During one scanning session, the participants heard the pseudo-words and were asked to identify the phonemes /p/,/t/t/ or /k/. In another session, they were expected to say whether the pseudo-words were read by voice 1, 2, or 3. During the evaluation, the scientists first analyzed the pseudo-words. They examined differences in frequency (high/low), temporal modulation (how quickly the sounds change over time), and spectral modulation (how the energy is spread across various frequencies). They found that high spectral modulations were best at differentiating between the voices. Fast temporal modulations paired with low spectral modulations were best at differentiating between the phonemes.

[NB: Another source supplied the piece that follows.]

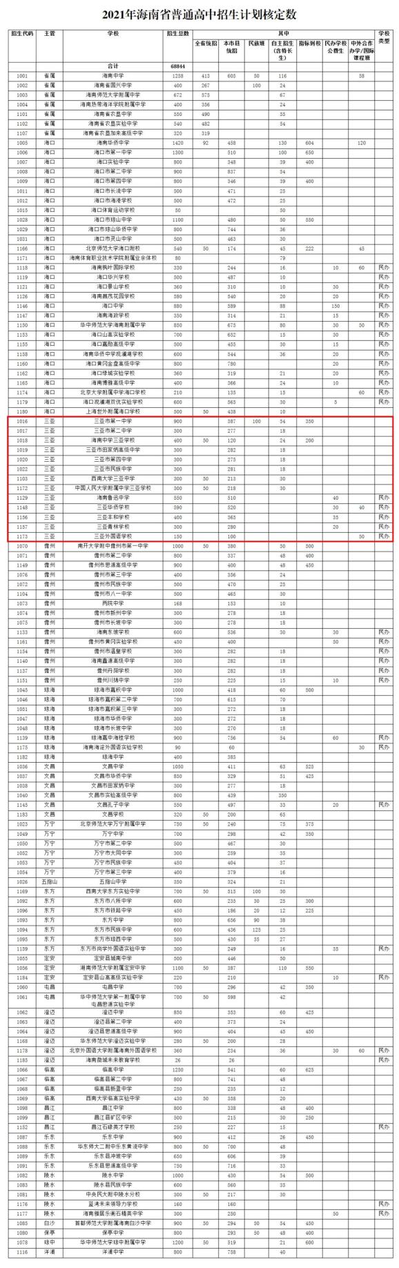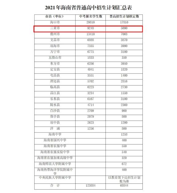 原标题:《三亚招5090人!2021年海南省普通高中招生计划来了》
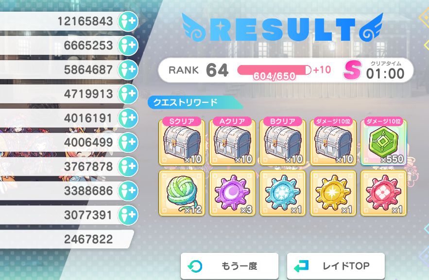 | … | 3426/03/05(木)18:26:54No.1407949732+レイド討伐報酬もSクリアからBクリアまで箱1個で変わらないはず…っス |

Different reactions of the brain
In the next step, the researchers used computer models to analyze the fMRI reactions, i.e. the brain activity in the auditory cortex while it was busy with processing the sounds during the two tasks. “The results show large similarities between the task information in the sounds themselves and the fMRI neural data,” says Golestani. To be precise, the auditory cortex amplified the higher spectral modulations when the participants had to concentrate on the voices. As for the phonemes, the cortex responded better to the fast temporal modulations and to the low spectral modulations.
“This is the first time that it’s been demonstrated in humans while using non-invasive methods, that the brain adapts to the task at hand in a manner that’s consistent with the acoustic information that accompanies speech sounds,” Rutten points out. “This will be useful in our future research, especially with regard to processing other levels of language – including semantics, syntax and prosody, topics that we plan to explore in the context of a National Centre of Competence in research on the origin and future of language.”
The results of the study were published in the journal Nature Human Behaviour.